The measures are outlined in a draft document seen by dpa on Friday, following late-night talks on Thursday between leading conservatives and their junior partner, the centre-left Social Democrats, SPD.
Under the agreement, a pensions commission is to present proposals for a comprehensive reform by mid-2026.
The commission is to be tasked with examining an extension of working life beyond the pension age of 67, a measure previously seen as taboo for the SPD.
The document is intended to appease the youth wing of Merz's conservative bloc, which has threatened to vote down a bill on pension reform in parliament.
Under the coalition deal agreed when Merz's government took office earlier this year, the standard pension level is to be fixed at 48% of average income until 2031.

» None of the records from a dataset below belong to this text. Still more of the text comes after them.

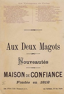 - Most recently, 6 full-sized cards for 60 Francs each from Annick Tilly at the Clignancourt flea market, August, '99. The other "Aux Deux Magots" card cost $4 from Clipper Cargo at the Sacramento Paper Show, Dec., '96. Six other cards, cropped, cost 140 francs at the Clignancourt flea market, Paris, May, '97.
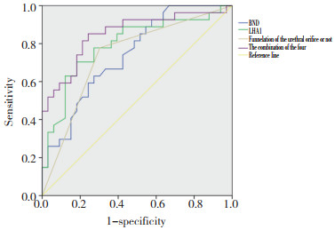 | 图 4 BND、LHA1、尿道内口漏斗化及四者联合诊断SUI的ROC曲线图 Fig.4 The ROC curve of BND, LHA1, funnelation of the urethral orifice and four joint in diagnosing SUI |
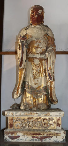 宝林寺は、江戸幕府旗本であった近藤登之助貞用(こんどうのぼりのすけさだもち1606~1696)に招聘された明からの渡来僧の独湛性瑩(どくたんしょうえい1628~1706)により寛文4年(1664)に開創された黄檗宗の寺院である。 本尊の釈迦如来坐像の背面には、寛文7年(1667)に大仏師法橋康祐(こうゆう)が造像した旨の陰刻銘があり、その両脇壇に安置されている今回の修復対象である二十四善神像についても、造形や造像技法から、同じ康祐(または康祐工房)による同時期の作とみられている。同寺の仏殿は寛文7年(1667)に建立されており、これらの仏像が完成して直ちに安置されたと考えられる。 二十四善神は、「金光明経(こんこうみょうきょう)」などにみられる二十天に、明代に道教の四善神を加えたものと考えられ、日本では宝林寺像以外には知られておらず、日本における初期黄檗宗の安置尊像を知る上で貴重な作例である。 全像ともに経年による劣化・損傷が激しく、2017年度から修復を開始し、10躯を終えた後2021年度から7ヵ年計画で修復を行っており、本年度はその3年目となる(住友財団の助成としては2021年度に続いて2年目)。 |
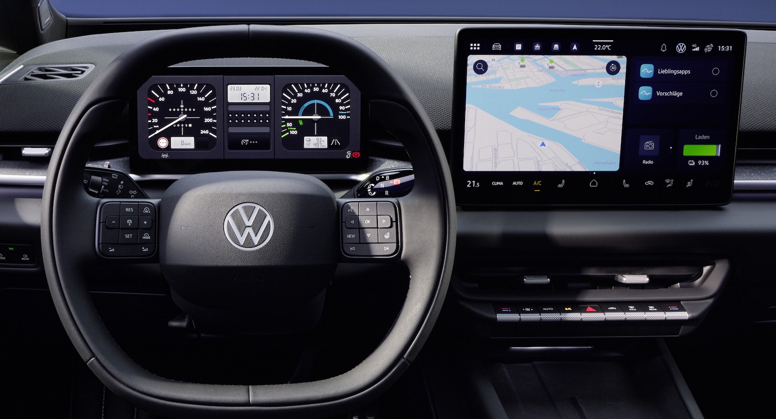 På insidan är ändringarna mycket större. Volkswagen har gjort en helomvändning efter all kritik mot de pekkänsliga reglagen. Ratten har numera fysiska knappar, en rad med ”vippreglage” har tillkommit under pekskärmen och Volkswagen kostar till och med på sig en fysisk volymratt på mittkonsolen med möjlighet att stänga av ljudet eller byta låt.

Beyond that, however, a higher baseline was foreseen, costing Germany's dwindling working-age population up to an additional EUR15 billion per year - something the conservative youth wing rejects.
The SPD had rejected any changes to the bill, which the coalition has been determined to pass this year.
Immediate reaction from the youth wing was unavailable on Friday morning, but Merz said he was confident that the compromise would be backed.
"I count on agreement," the chancellor stated.
SPD leader Lars Klingbeil played down any talk of disputes within the coalition, arguing that his party had always underlined the need for structural reforms.
"There is no antagonism in this coalition, we were already in agreement on this during the coalition negotiations," he stressed.
The compromise text, intended to accompany the new pensions law, focuses on the so-called sustainability factor - calculations that take Germany's ageing population into account so that expenditure does not spiral out of control.
Contribution rates are to remain stable for the next ten years.
A new focus is to be placed on private and employer-funded pension provisions, alongside the state pension.
Using dividends from a federal equity package worth EUR10 billion, the government aims to support younger generations in building up private provisions.